Runner-Up

An Embracement

By Stan Riley

THREE WOMEN are sitting together in a pub. “I had a bit of a weird one the other night. Right strange, he was,” says the first one, the youngest.

 “Strange how?” asks the second.

 “Well, I’m upstairs in the room, and he comes in and shuts the door. But when he turns round and looks at me, he kind of stops and jerks back, as if he’s had a bit of a shock. So I says to him, It’s all right, darling, you’ll be okay. No need to be scared.

“And he says to me, ‘I’m not scared.’ But he still carries on standing where he is.

“So I says, Come and sit down over here on the bed. It’ll be all right. And he comes over and sits on the edge of the bed, but not near me. And he just carries on sitting there, not doing anything, and he’s kind of giving me these quick, shifty little looks.”
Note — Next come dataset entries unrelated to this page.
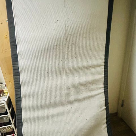 Jysk madrass, en av de bedre utgavene - form skum aktig. Skal være Medium. Var tiltenkt utleiedel. Ligger på ramme fra IKEA. 140cm bredde. Gis bort mot nedbæring og henting. Hentes sentralt i Oslo.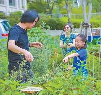 社區(qū)居民在創(chuàng)智農(nóng)園了解種植相關(guān)知識。上海四葉草堂青少年自然體驗(yàn)服務(wù)中心供圖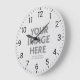 Personalised Wall Clocks Custom Big Round Photo. Feature your own photo and text on this clock. The numbers stay on your image. Perfect for decorating your home, kitchen or office. For best results use a square image.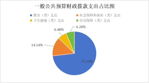5.教育(类)支出17,851,389.49元,占一般公共预算财政拨款总支出的73.14%,完成年初预算的120.31%。主要用于教育管理事务方面,工资福利支出、商品和服务支出、对个人和家庭补助支出等;造成预决算差异的主要原因是2024年新学期学生人数增加,公用经费等支出增加,故造成预决算存在差异。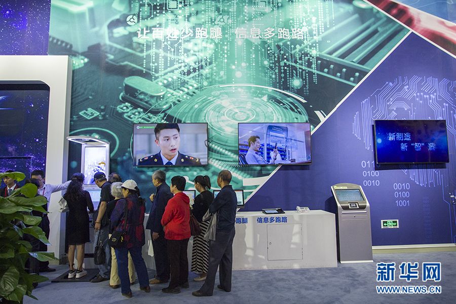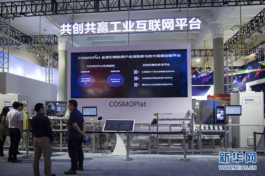 “砥礪奮進的五年”大型成就展網絡科技特色體驗展區“網絡制造”專題部分。制造業已經成為互聯網跨界融合的主戰場。參觀者在這里看到的是,海爾的大規模定制服務平臺,樹根互聯的工業互聯網平臺,酷特云藍的服裝個性化定制大規模生產平臺,聯想晨星混合現實眼鏡、阿里云ET工業大腦、沈陽機床集團的智能機床解決方案,這個展區反映了互聯網與傳統行業深度融合,實現轉型升級的情況。新華網記者李林攝

“What was he, not quite right in the head?” asks the third.

“No, nothing like that. He was the respectable sort. Middle-aged, business type. Anyway, I says to him, I says, What’s the problem, love?

 “And he says, ‘You remind me of someone.’

Someone nice? I says.

“So he waits for a while, then he sighs and says, ‘My daughter. You remind me of my daughter’.

Oh, I says. I mean, what can you say to that?”

The other two smile.

“Anyway, he tells me that I’ve got his daughter’s colouring – light brown hair, pale

skin, all that. Then he says, ‘I haven’t seen her for a long time. Years. But she’ll be about your age now.’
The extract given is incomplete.